Et, éclair de génie, je plonge dans le sac, extirpe une belle savonnette rouge sang et une boite d'allumette.
- Mais pour te remercier de ta visite, prend donc cette savonnette.
Ah ! s'il pouvait glisser dessus et se retrouver tout son long dans la fange d'une porcherie !
- On se voit demain au village. D'accord.
Le petit chef voudrait encore insister mais je lui tend la main carrément. Il ne peut que se lever.

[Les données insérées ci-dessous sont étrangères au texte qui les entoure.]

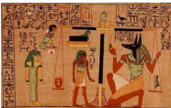
2. ábra. Halottak Könyve, Ozirisz

barlangfestmény. A barlangrajzok alapvető jellemzője, hogy az állati alakokat – többnyire bőlényeket, vadlovakat, szarvasokat - a legjellemzőbb nézetből, oldalirányból ábrázolták, és mozdulat közben. Nem nyújtanak pontos részletekbe menő betekintést csupán feltárják a lényeket egy leegyszerűsített formában. Híján vannak a tudatos kompozíciónak valamint a szerkesztésnek. A színvilágot vörös, sárga, fekete színeket alkották; a porrá zúzott anyagokat vízzel, zsírral, vérral elkeverve vitték fel a falra. 9

Il nous regarde avec avidité, il essaie de reparlementer avec Elvis. Mais Elvis fait mine de ne pas savoir parler l'anglais. Vaincu !
- Ah oui ! demain.
Enfin il enjambe la jupe du bateau et rejoint sa pirogue. Et une à une, les pirogues dessèrent la toile :
- A demain ! A demain ! A demain !
Et c'est comme si on nous disait : demain, on vous fait votre fête !
Le message est bien reçu.
- Hervé, qu'est-ce-que tu en penses ? Moi, vraiment, je n'ai pas envie de rester ici.
- Moi, non plus !
- Et si nous partions demain de très bonne heure ?
- Ah ! mais c'est parfait !
Le matin, à la première lueur, nous montons l'ancre et nous nous éloignons de cette baie splendide mais nauséabonde.
- Eh Hervé ! tu imagines leur déconfiture ce matin quand ils ne verront plus le bateau ?
- Ah ! la bonne rigolade !
Pied de nez ! je te tire la langue ! bras d'honneur ! Prout, Prout ! Va cracher ton bétel ailleurs ! Va faire ton popo ailleurs !
Ah ! c'est qu'on en libère  quand on se libère !!!